TASTY CHICKEN & FENNEL SOUP IN A CROCK POT



Tasty Chicken & Fennel Soup in a Crock Pot image

Autumn is here and winter is on the way, what could be easier or smell better than a nice warming bowl of soup made in the crock pot. This soup is nice and thick and could easily pass for a stew...Feel free to add or omit any of the listed vegetables just as long as you enjoy!

Provided by Baby Kato

Time 6h

Yield 6-8 serving(s)

Number Of Ingredients 19

1 fennel bulb, small, trimmed, quartered, thinly sliced
1 medium sweet onion, coarsely chopped
2 carrots, peeled, thinly sliced
2 parsnips, peeled, thinly sliced
2 celery hearts, thinly sliced
1 tart apple, finely chopped
1/2 cup mushroom, button, thinly sliced
2 garlic cloves, minced
1 teaspoon salt
1 teaspoon black pepper, freshly ground
8 skinless chicken thighs, deboned, remove all fat
5 cups chicken broth
2 cups apple cider
1 cinnamon stick, 2-inch piece
1/2 cup great white beans, canned, drained and rinsed
1 cup orzo pasta
2 1/2 cups spinach, baby
1/4 cup parmesan cheese, good quality, coarsely shredded
1/8 cup asiago cheese, coarsely shredded

Steps:

  • Lightly spray Crock-Pot with cooking spray.
  • In the crock pot add fennel, onion, carrot, parsnips, celery hearts, apple, mushrooms and garlic in slow cooker.
  • Stir in 1/2 tsp of salt and pepper and make sure to spread the mixture evenly over the bottom of the pot.
  • Cut the chicken thighs into 6 equal pieces.

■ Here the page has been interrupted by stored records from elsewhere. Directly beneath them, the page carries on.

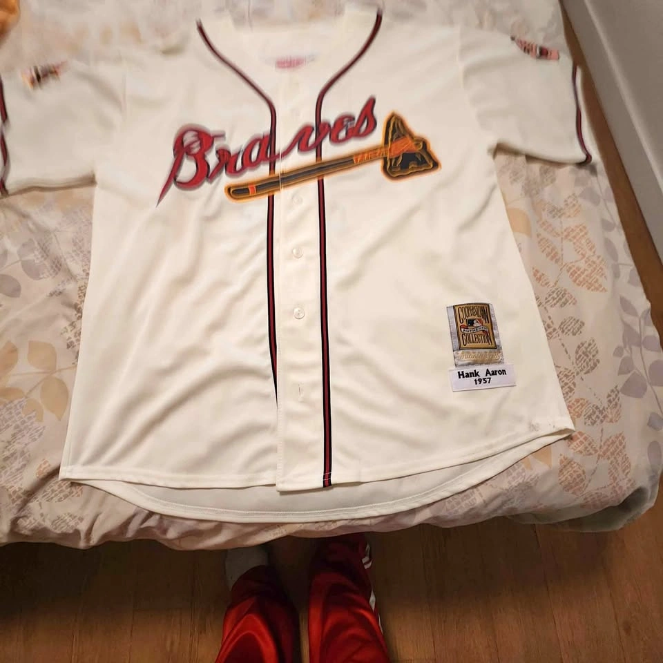 New, never worn, authentic Cooperstown collection Milwaukee Braves Hank Aaron jersey 1957 edition
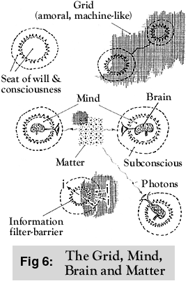 The reason for creation of matter can now be deduced. It would be needed to provide the primary mind with a set of meaningful environments. Fig.6 illustrates the possible overall structure. The primary mind exists as a myriad of conscious regions, or minds, of small volume interconnected by a vast machine-like net. The minds possess a sense of morality, the remaining network is amoral. Each mind is split into an individual conscious part and a subconscious part, the latter interconnecting with all others. The separation is provided by an "information filter-barrier", programmed as an enclosing shell, which prevents communication from the subconscious but permits flow of information in the reverse direction.
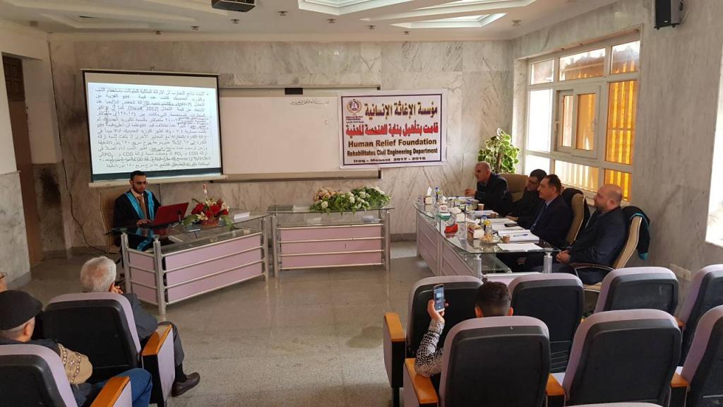 نوقشت وبعونه تعالى في تمام الساعة التاسعة من صباح يوم الاثنين الموافق 2018/3/5في رحاب قاعة المناقشات في قاعة المرحوم نجيب خروفة في كلية الهندسة ،رسالة الماجستير التي أعدها الطالب ( عمر مؤيد خليل ) من قسم علوم البيئة ،كلية علوم البيئة وتقاناتها ،جامعة الموصل والموسومة ب "تأثير محطة معالجة الخضراء في نوعية مياه وادي الدنفيلي في مدينة الموصل "وقد تألفت لجنة المناقشة بموجب الأمر الجامعي من الأستاذ الدكتور قصي كمال الدين الأحمدي رئيسا .وعضوية كل من الأستاذ المساعد الدكتور وليد محمد شيت العبدربه عضوا .والدكتور مازن نزار فضل عضوا.والدكتور أياد فضيل قاسم عضوا ومشرفا .وبعدها قرأ قرار لجنة المناقشة وتضمن قبول ألرسالة مع منح الطالب درجة الماجستير وبتقدير جيد جدا
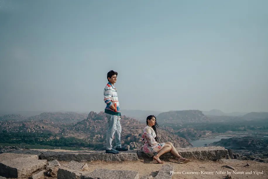 A heady combination of history and romance, this couple’s pre-wedding photoshoot was against the majestic backdrop of Hampi.
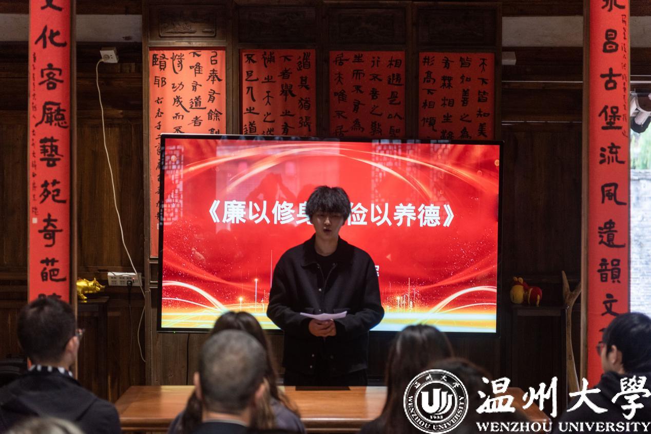 第三党支部魏淳辉同学带来《廉以修身,俭以养德》的演讲,强调“廉洁”早已不只是官吏和圣贤的事情,而是与每个人息息相关。我们应该从小事做起,让清风正气从青年开始,吹向每个角落。
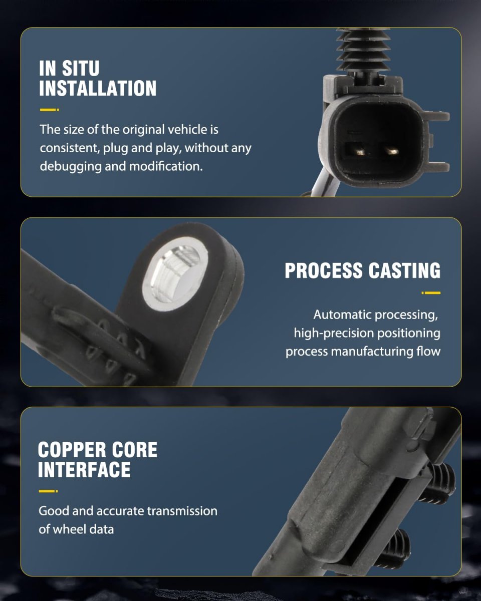 FITS THE FOLLOWING VEHICLES - This ABS wheel speed sensor fit for 2011-2014 for Dodge Durango,2011-2014 for Jeep Grand Cherokee. DETERMINE LOCKING UP OR NOT FAST- Our ABS sensors are able to measure the rotational speed of the wheels and pass them fast to the cars Engine Control Module (ECM), based on which the ECM determines if the wheels are locking up.. KEEP THE DIRECTION STABILITY- OCPTY wheel speed sensor can keep the direction stability of the car when braking as much as possible. When the driver presses the brake pedal quickly in emergency braking, the front wheel will not be locked and the steering ability still exists,avoiding the danger in front when braking..Other fine products
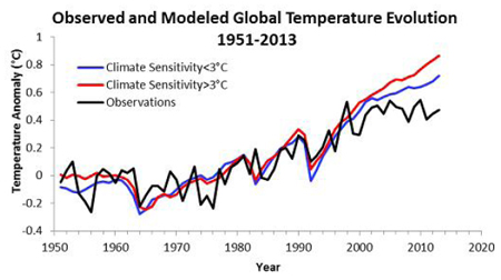 CAPTION: Observed global average temperature evolution, 1951-2013, as compiled by the U.K's Hadley Center (black line), and the average temperature change projected by a collection of climate models used in the IPCC Fifth Assessment Report which have a climate sensitivity greater than 3.0°C (red line) and a collection of models with climate sensitivities less than 3.0°C (blue line).
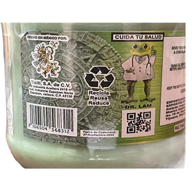- ★ Excelente para el dolor muscular, dolores de cabeza Ayuda a aliviar los síntomas del resfriado frotando el pecho y la espalda 17 ingredientes naturales / Great for muscle pain, headaches Helps aliviate cold symptoms by rubbing on chest and back 17 Natural Ingredients
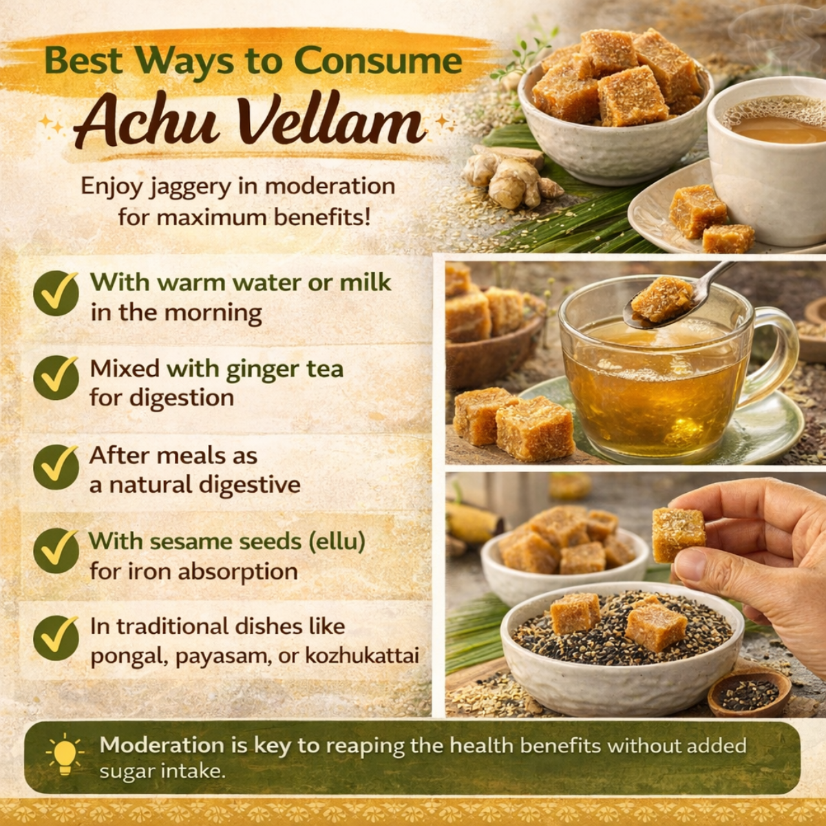 Looking for Achu Vellam recipes for diabetes or adding natural sweetner your meals? Try adding grated jaggery to your morning tea, smoothies, or porridge. You can even use it to make Achu Vellam health drinks or delicious Achu Vellam recipes like pongal, laddoo, and chakkarai pongal.

Season the chicken chunks with the remaining salt and pepper.
  • Next place the chicken on top of the vegetable mixture.
  • Pour in the apple cider and chicken broth and cover.
  • Set slow cooker on high and cook for 1 hour.
  • Reduce heat to low setting and continue to cook for 2 additional hours.
  • Next add the cinnamon stick, orzo and beans, cover and cook on low for 1 1/2 hours, then remove the cinnamon stick.
  • Now check to see if orzo and chicken are tender and too your liking, if not, cook the soup for an additional 30 - 45 minutes.
  • Place the baby spinach on top of the chicken but do not stir.
  • Cover and continue to cook on low for an additional 10 to 15 minutes.
  • Now, turn off the heat, add the parmesan cheese and stir the spinach and cheese into the chicken soup, taste and adjust seasoning if needed.
  • Garnish with the Asiago cheese and serve with nice heavy white bread and butter.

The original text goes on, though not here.